# i have a old javex bottle



## tristian bottle (Sep 17, 2005)

can i have the web site of the histery of it or info anything would help plz thanks[][][]


----------



## BottleArchaeologist (Sep 17, 2005)

https://www.antique-bottles.net/forum/m_9889/mpage_1/key_/anchor/tm.htm#9889

 Try this link for the info you are asking for. 

 Regards,
 BA


----------



## tristian bottle (Sep 17, 2005)

no sory it did not help
 [][][]


----------



## BottleArchaeologist (Sep 17, 2005)

Taken from the thread I put a link to for you.....

 "Javex, was an English company, that later started doing business in Canada post 1900- The brown bottle is likely one of their bleach products. Colgate purchased Javex some time ago. Do a search and you'll find quite a few posts for Javex. Hope this helps "

 This is the info that you wanted right?

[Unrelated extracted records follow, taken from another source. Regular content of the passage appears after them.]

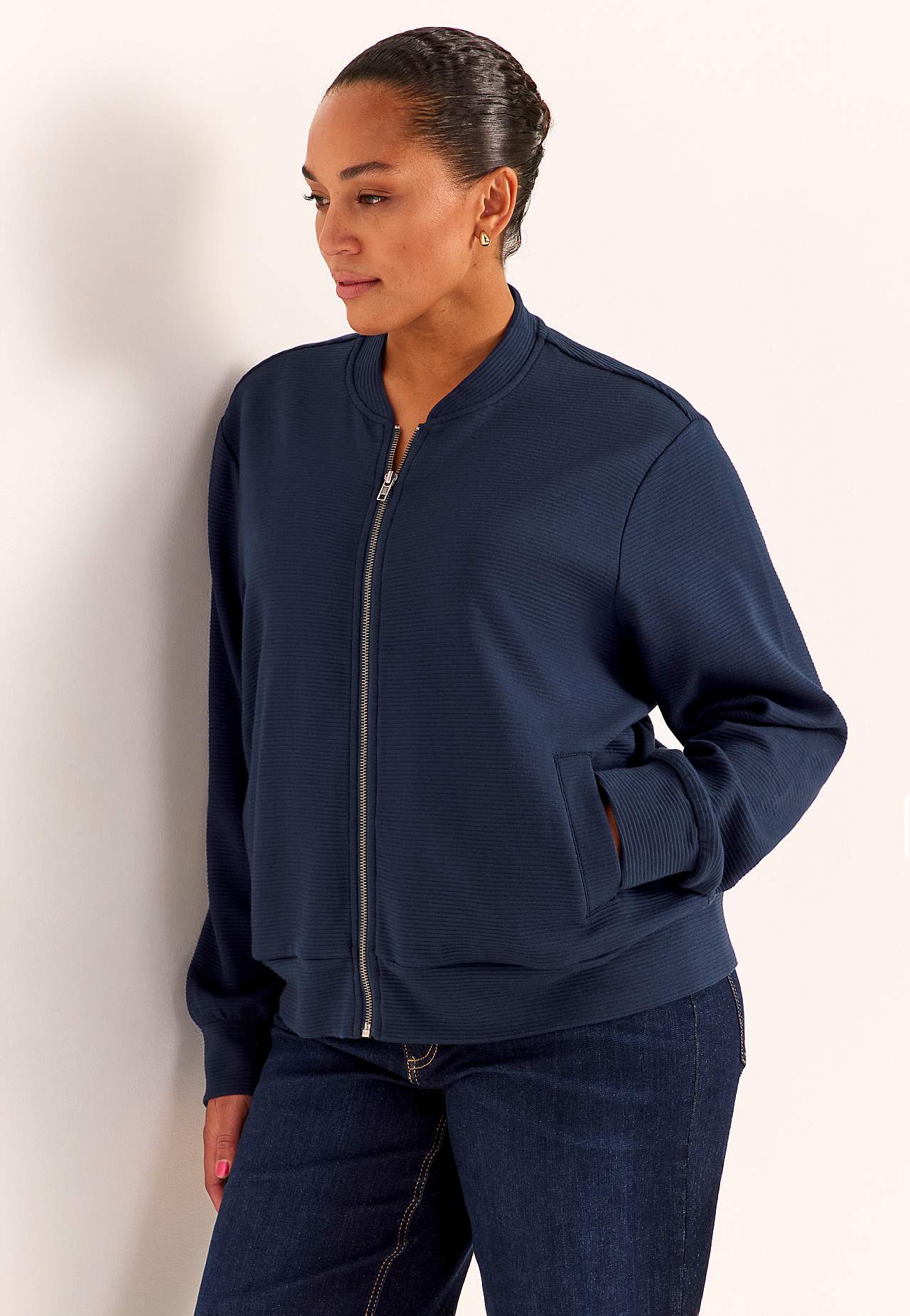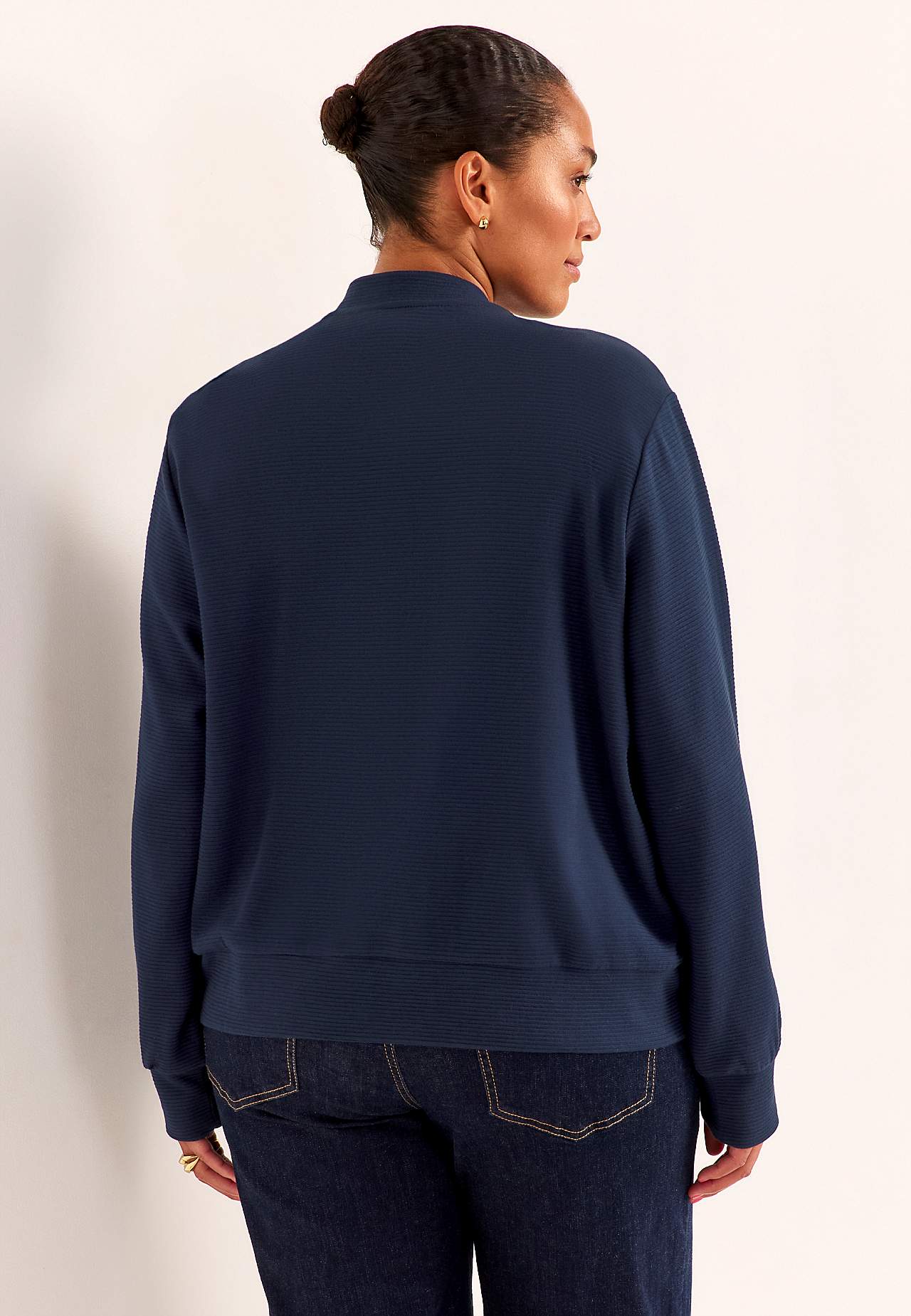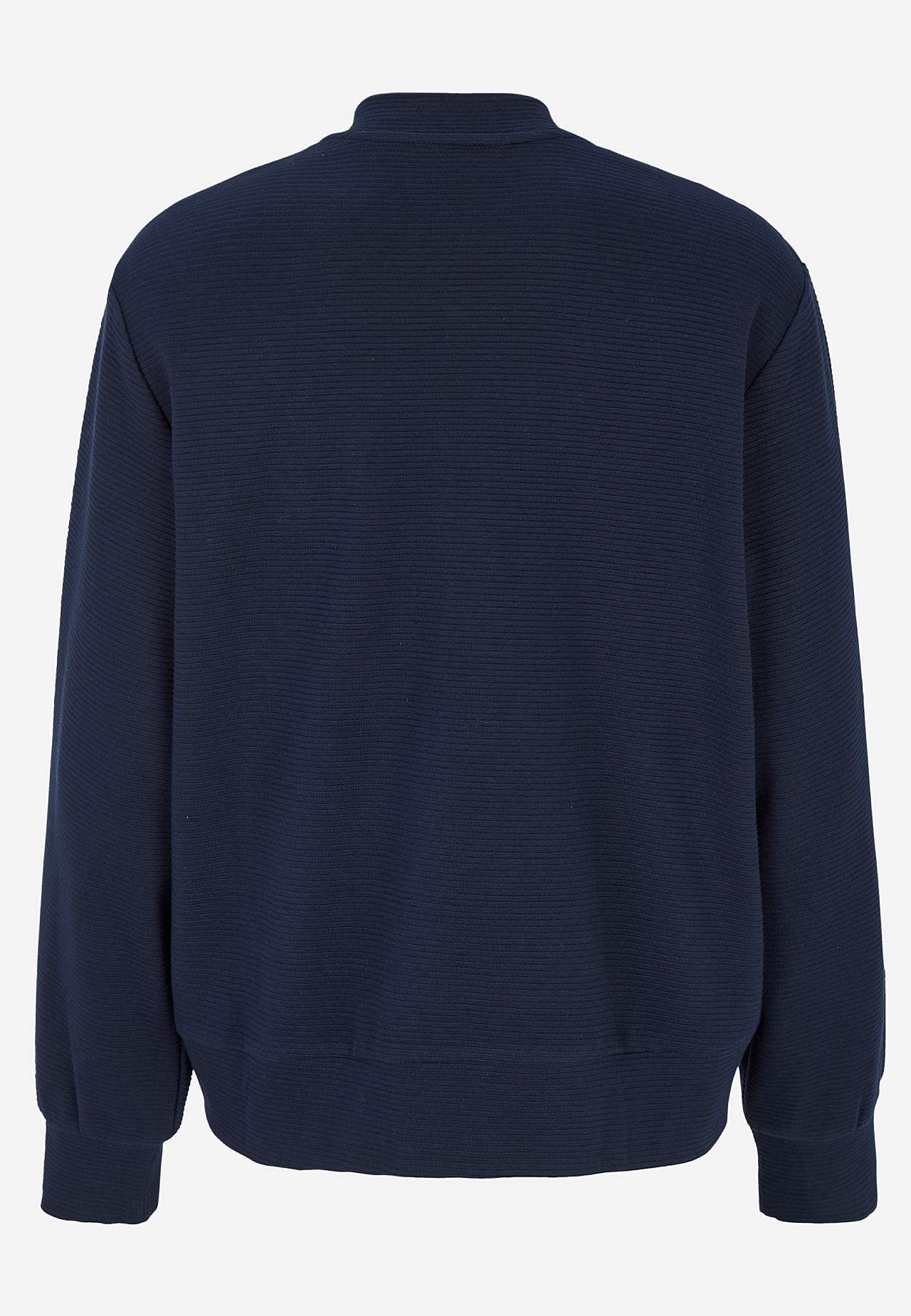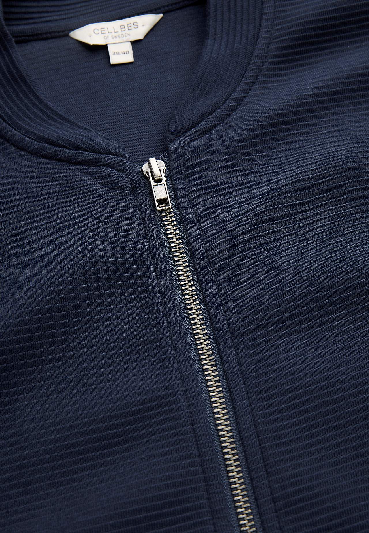 Sisätakki hieman raskaammasta, pehmeästä trikoosta raidallisella sommitelmalla. Löysä istuvuus. Matala pystykaulus. Vetoketju. Viistot kahden kantin taskut. Pitkät hihat resorilla hihansuissa. Suora helma kaksinkertainen taitetulla resorilla. Pituus olkapäältä koon mukaan noin 72-84 cm.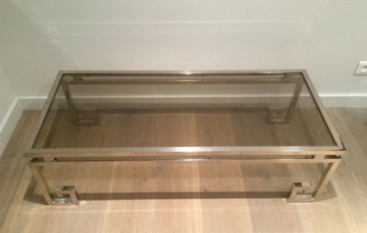 This chrome coffee table testifies to the mastery of polished metal that characterises French decoration in the 1970s. The chrome structure, finely treated, catches the light in delicate plays and gives the piece a presence that is both sober and assertive. The quality of execution fully justifies the qualifier "very fine".
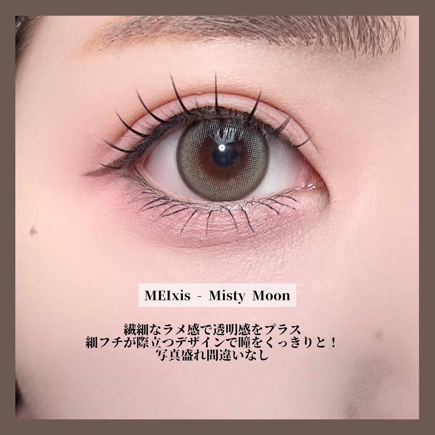 ...浅見めいさんプロデュースラメ入りカラコン💎MEIxis"上品に輝き心を奪う瞳"ラメ感レベルはAquarium→MistyMoon→DesertGlow◾︎MistyMoon細フチ×白みグレージュで透明感のある瞳を演出シルバーグリッターの...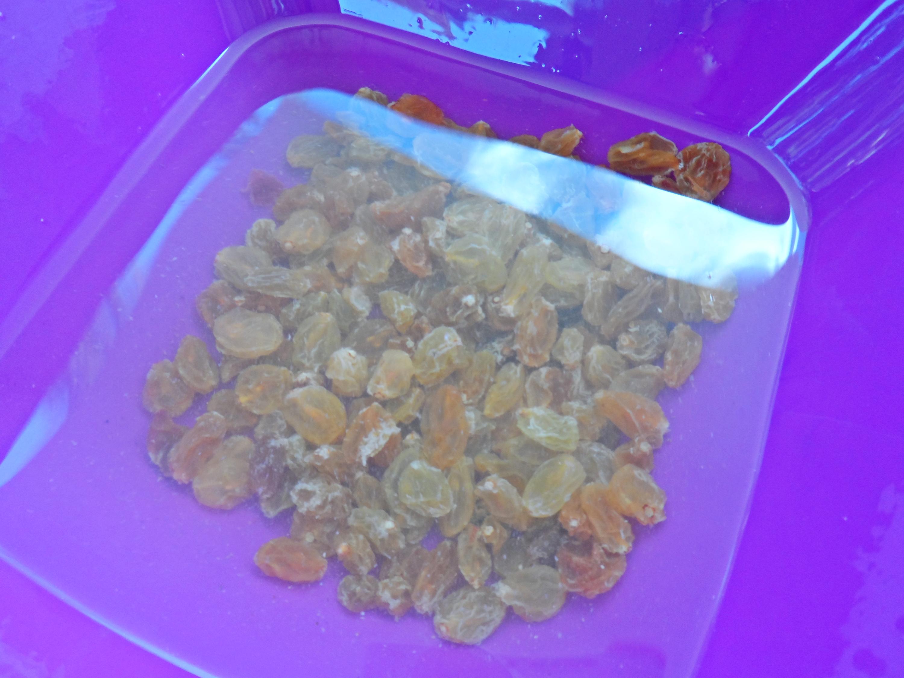 Изюм заливаем кипятком. Можно дать постоять, я просто промыла, он и так был мягкий: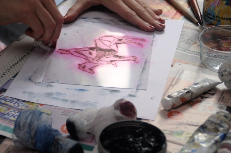 Toutes les étapes de production d’un film ont beau être très différentes (écriture, intentions, recherches, animatique …) j’ai fini par réaliser que le projet dois être figé pour avancer … Du coup, passée l’excitation de la 1ère année à porter le bébé, la lassitude prend parfois le dessus. Participer au workshop de Gianluigi Toccafondo – à l’abbaye de Fontevraud- m’avait fait un bien fou et je me suis dit que je devais faire davantage de « bulles créatives », que ce serait salvateur pour ma santé mentale et pour le court. Donc merci Justine pour cette résidence. Elle m’a permise de peindre sans objectif, sans pression, et avec Chaussette haha !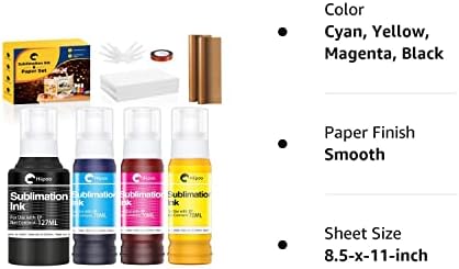 Included Items: 1x127ml black sublimation ink; 1x70ml cyan sublimation ink; 1x70ml magenta sublimation ink; 1x70ml yellow sublimation ink; 110 x sublimation paper(8.5*11” 125G); 2 x teflon sheets; 1x sublimation heat tape; 2 x gloves. This package makes it simple and easy to refill, making it wonderfully user & eco-friendly. This is a product that you will come to love as soon as you receive it.
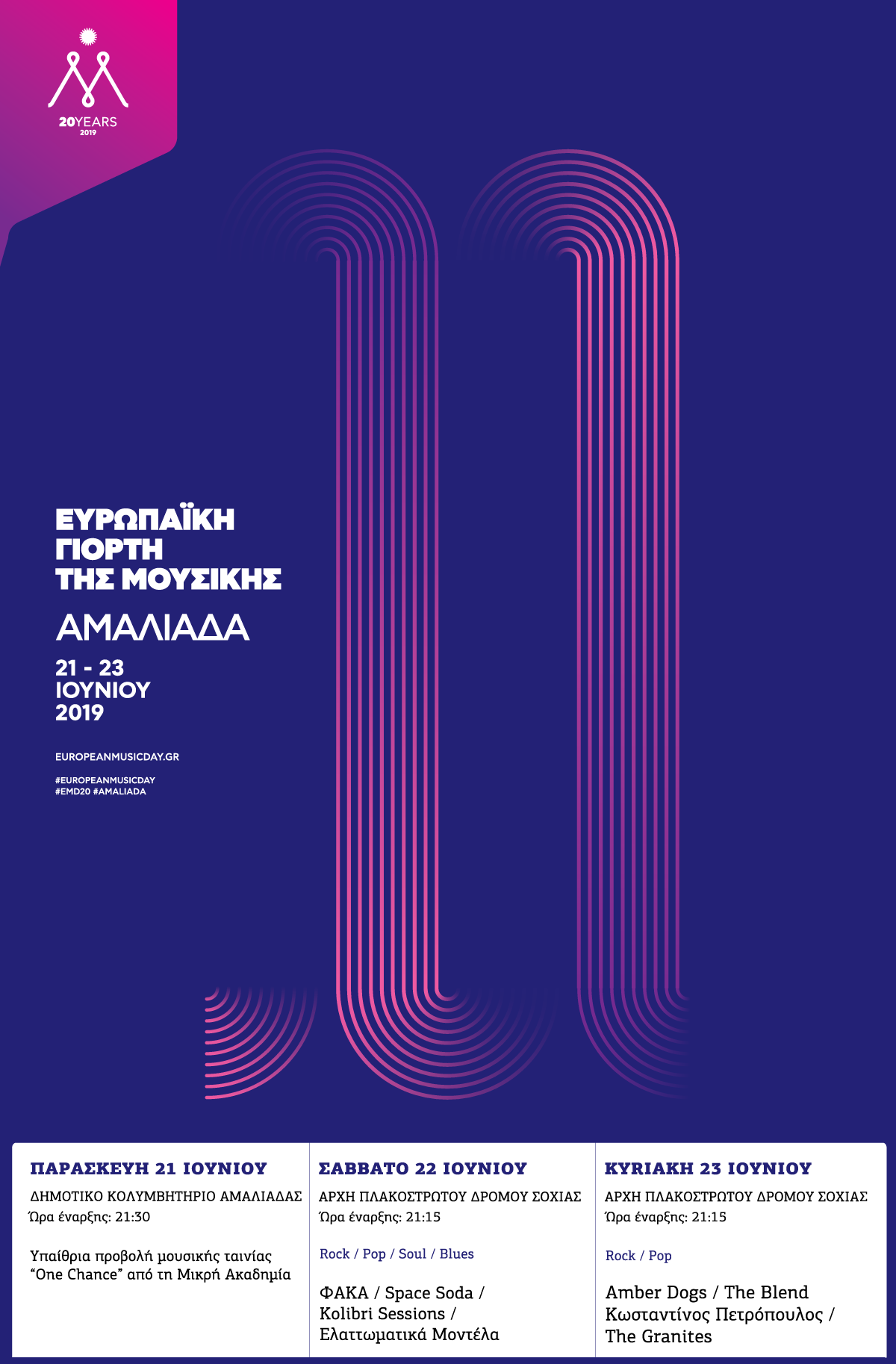 Στην Αμαλιάδα για 8η χρονιά η διοργάνωση στης Ευρωπαϊκής Γιορτής της Μουσικής απευθύνει ένα ηχηρό κάλεσμα που σας προτρέπει να αφήσετε στην άκρη την καθημερινότητα και να αφεθείτε στους ρυθμούς της καρδιάς και στη δύναμη της μουσικής!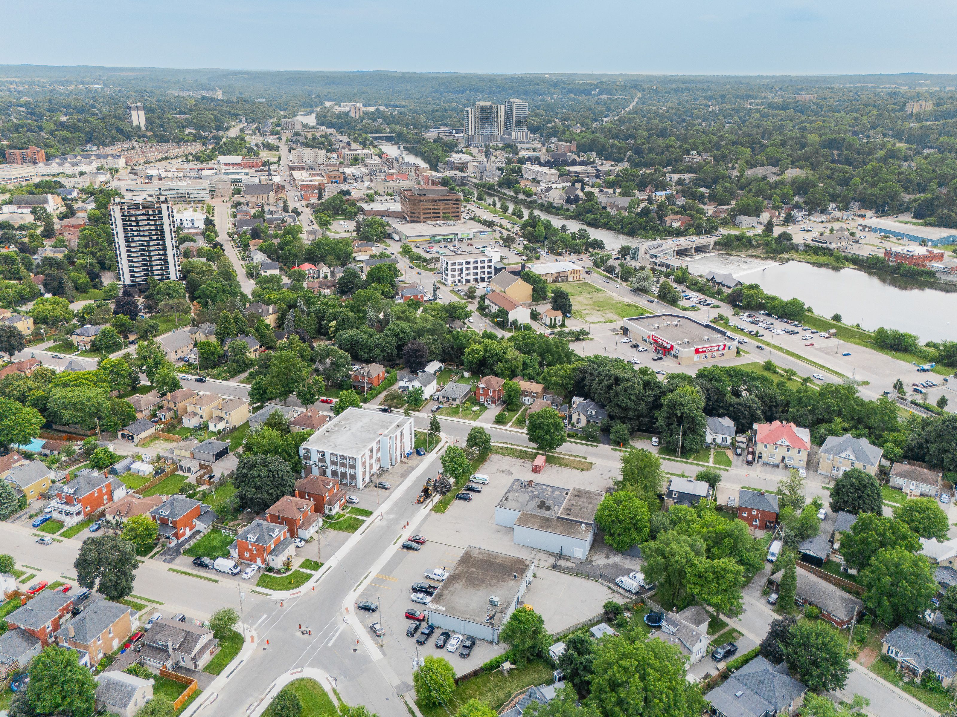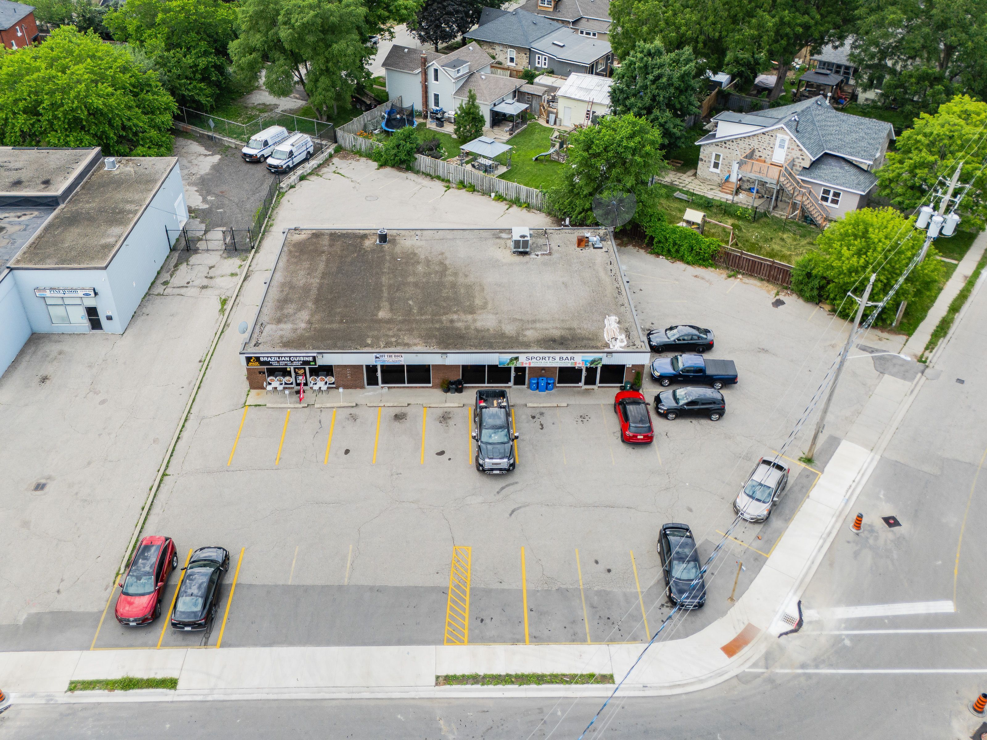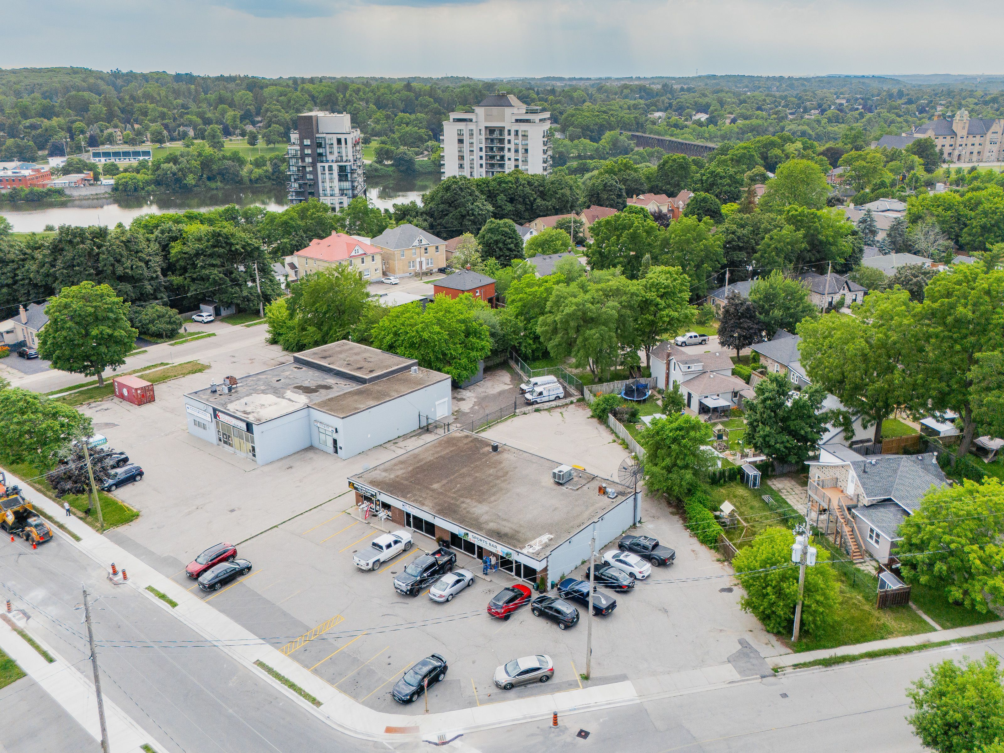 The subject properties consists of two (2) commercial buildings on adjacent lots whose combined total is 1. 03 acres. 8 oxford st is a 5,350 sf three (3) unit multi-tenant building on a . 586 acre site. The property has approximately 814 sf of mezzanine, three (3) drive-in doors, between 16 19 clear heights and twin separate ng, electrical, water and sanitary services. 12 oxford st is a 4,000 sf four (4) unit retail plaza on a . 444 acre site. The property offers ample parking and variety of separated services. Zoned cs5, the subject properties enjoy a variety of permitted use. The sites are proximate to both the proposed lrt as well as the galt city centre core area. This, coupled with a continued and increasing desire for residential density, the subject properties are positioned well for the exploration of rezoning.

It was a bleach bottle and was common and is only worth about a buck. 

 Regards,
 BA


----------



## tristian bottle (Nov 29, 2005)

more info plz


----------



## David E (Nov 30, 2005)

Having lived in Canada in the 1940's "Javex" is a bleach bottle.
 Dave


----------



## greenpoison (Nov 30, 2005)

"Javex" bottles are generally not all that collectable,
 and do not often go for much $ on the bottle market.
 But I say: who cares what others think!, if you like it, display it []


----------